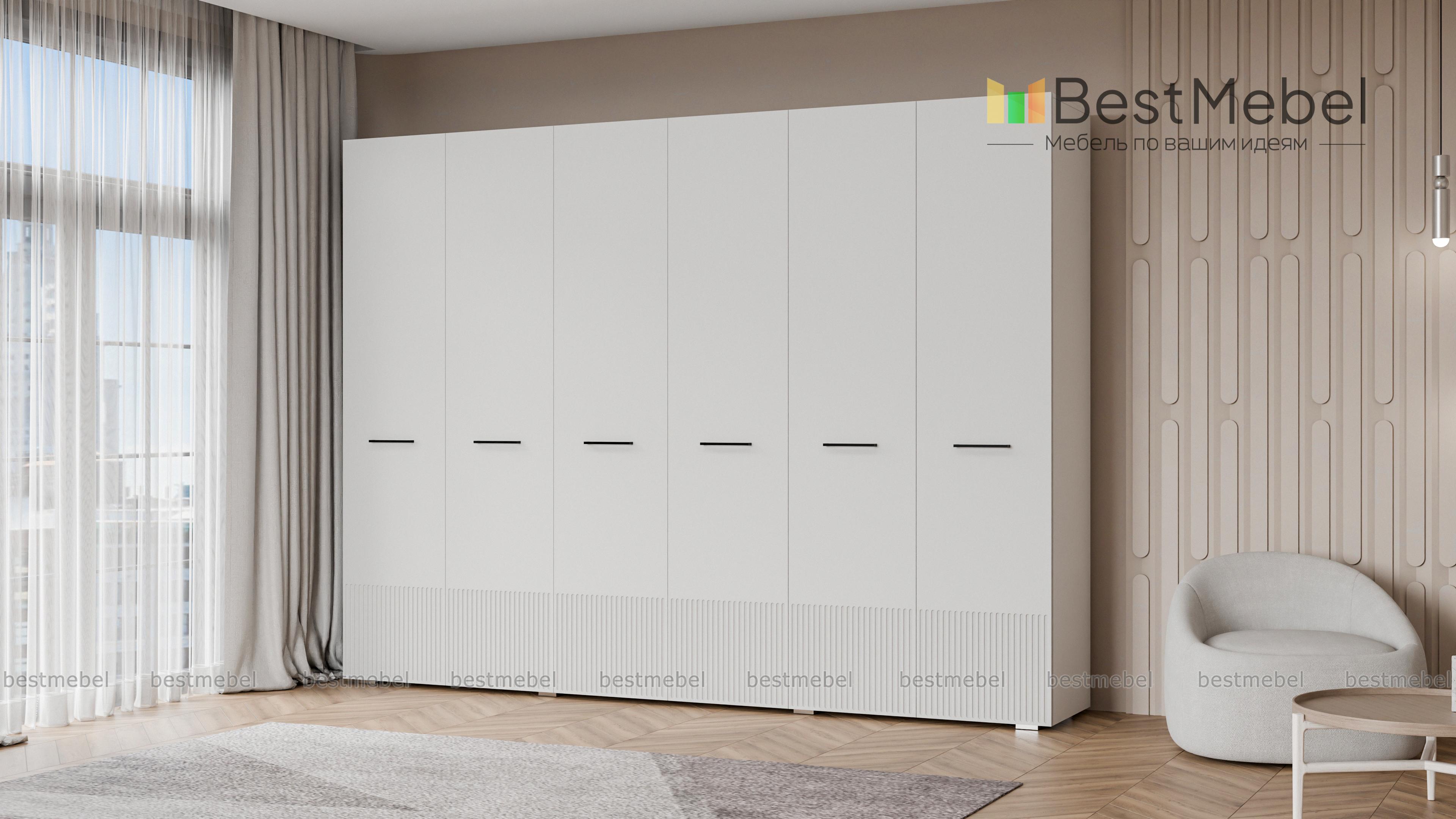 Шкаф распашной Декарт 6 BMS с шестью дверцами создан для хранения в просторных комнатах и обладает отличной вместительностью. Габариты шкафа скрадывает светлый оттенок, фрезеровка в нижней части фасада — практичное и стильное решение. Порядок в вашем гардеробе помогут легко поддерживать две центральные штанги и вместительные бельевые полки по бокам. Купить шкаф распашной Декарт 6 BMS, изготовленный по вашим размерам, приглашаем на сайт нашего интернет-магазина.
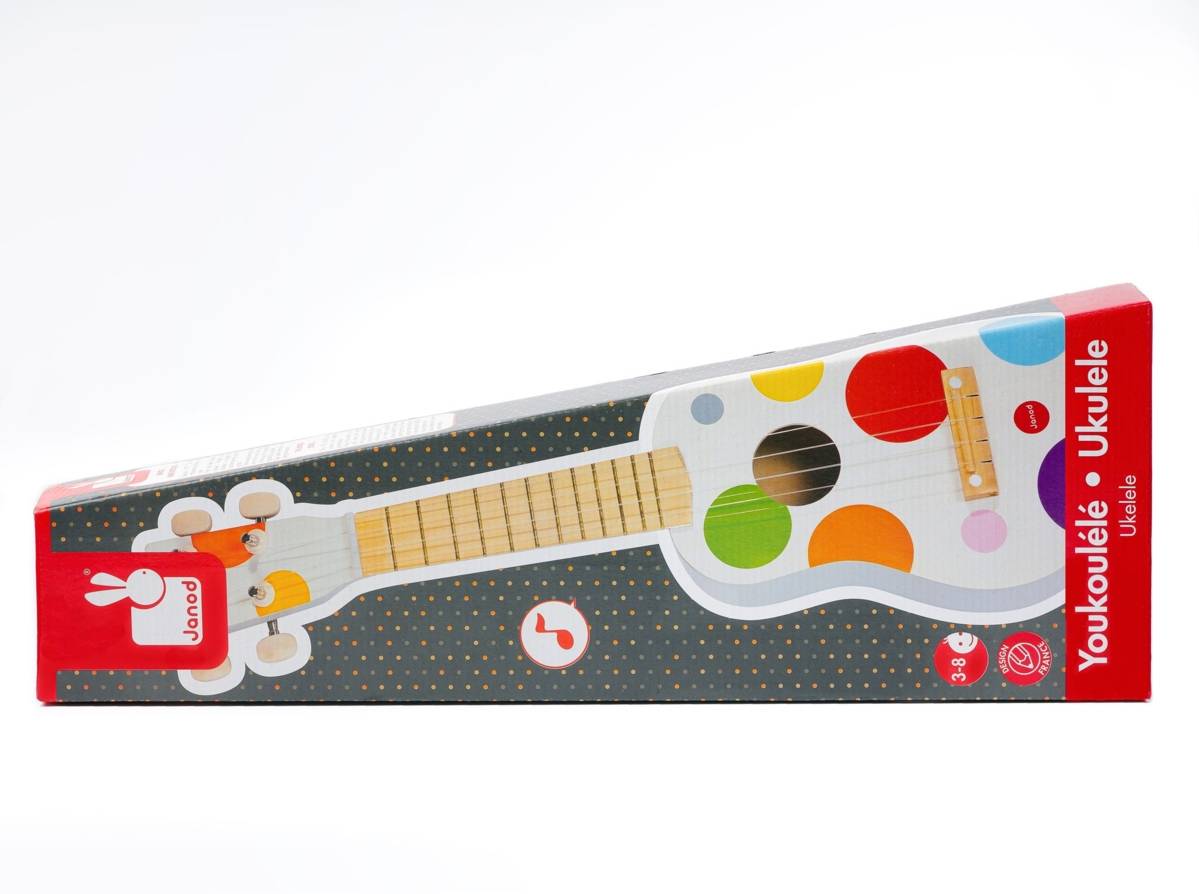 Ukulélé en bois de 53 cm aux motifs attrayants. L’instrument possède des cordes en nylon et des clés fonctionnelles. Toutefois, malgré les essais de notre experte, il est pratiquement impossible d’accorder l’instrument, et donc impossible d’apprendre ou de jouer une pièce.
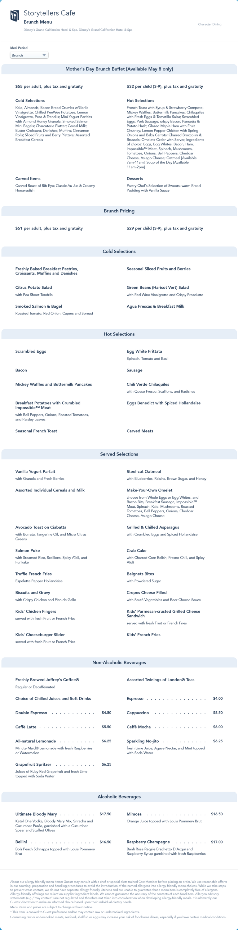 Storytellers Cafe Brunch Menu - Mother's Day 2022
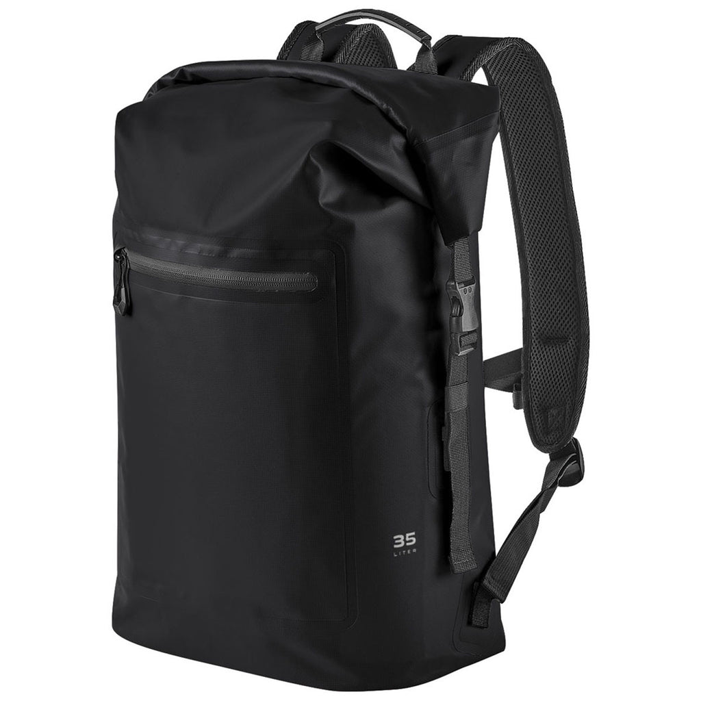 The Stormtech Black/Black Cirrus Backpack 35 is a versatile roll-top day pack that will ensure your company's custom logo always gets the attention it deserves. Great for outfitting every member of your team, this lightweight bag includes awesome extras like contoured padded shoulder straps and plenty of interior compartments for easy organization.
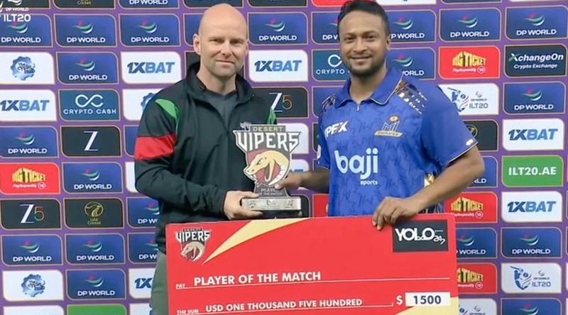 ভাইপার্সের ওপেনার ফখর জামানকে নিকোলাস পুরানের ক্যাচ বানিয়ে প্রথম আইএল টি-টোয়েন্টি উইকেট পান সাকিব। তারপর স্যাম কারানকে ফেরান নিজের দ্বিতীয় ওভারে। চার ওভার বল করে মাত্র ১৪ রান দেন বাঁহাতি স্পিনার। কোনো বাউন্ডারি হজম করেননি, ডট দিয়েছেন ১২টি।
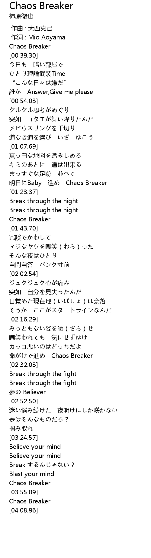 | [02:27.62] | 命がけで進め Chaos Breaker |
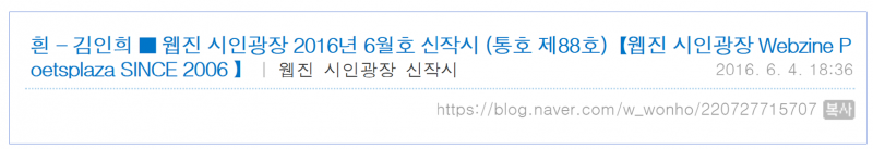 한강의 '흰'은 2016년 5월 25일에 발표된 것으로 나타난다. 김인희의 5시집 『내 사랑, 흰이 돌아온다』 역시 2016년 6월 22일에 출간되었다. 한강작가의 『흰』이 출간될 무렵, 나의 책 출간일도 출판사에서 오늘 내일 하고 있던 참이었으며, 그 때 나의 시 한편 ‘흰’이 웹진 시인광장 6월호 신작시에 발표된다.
------------------------------
### ASSIGNMENT
Leave the images out as you retype each line of the material exactly.

### EXERCISE ANSWER
 Шкаф распашной Декарт 6 BMS с шестью дверцами создан для хранения в просторных комнатах и обладает отличной вместительностью. Габариты шкафа скрадывает светлый оттенок, фрезеровка в нижней части фасада — практичное и стильное решение. Порядок в вашем гардеробе помогут легко поддерживать две центральные штанги и вместительные бельевые полки по бокам. Купить шкаф распашной Декарт 6 BMS, изготовленный по вашим размерам, приглашаем на сайт нашего интернет-магазина.
 Ukulélé en bois de 53 cm aux motifs attrayants. L’instrument possède des cordes en nylon et des clés fonctionnelles. Toutefois, malgré les essais de notre experte, il est pratiquement impossible d’accorder l’instrument, et donc impossible d’apprendre ou de jouer une pièce.
 Storytellers Cafe Brunch Menu - Mother's Day 2022
 The Stormtech Black/Black Cirrus Backpack 35 is a versatile roll-top day pack that will ensure your company's custom logo always gets the attention it deserves. Great for outfitting every member of your team, this lightweight bag includes awesome extras like contoured padded shoulder straps and plenty of interior compartments for easy organization.
 ভাইপার্সের ওপেনার ফখর জামানকে নিকোলাস পুরানের ক্যাচ বানিয়ে প্রথম আইএল টি-টোয়েন্টি উইকেট পান সাকিব। তারপর স্যাম কারানকে ফেরান নিজের দ্বিতীয় ওভারে। চার ওভার বল করে মাত্র ১৪ রান দেন বাঁহাতি স্পিনার। কোনো বাউন্ডারি হজম করেননি, ডট দিয়েছেন ১২টি।
 | [02:27.62] | 命がけで進め Chaos Breaker |
 한강의 '흰'은 2016년 5월 25일에 발표된 것으로 나타난다. 김인희의 5시집 『내 사랑, 흰이 돌아온다』 역시 2016년 6월 22일에 출간되었다. 한강작가의 『흰』이 출간될 무렵, 나의 책 출간일도 출판사에서 오늘 내일 하고 있던 참이었으며, 그 때 나의 시 한편 ‘흰’이 웹진 시인광장 6월호 신작시에 발표된다.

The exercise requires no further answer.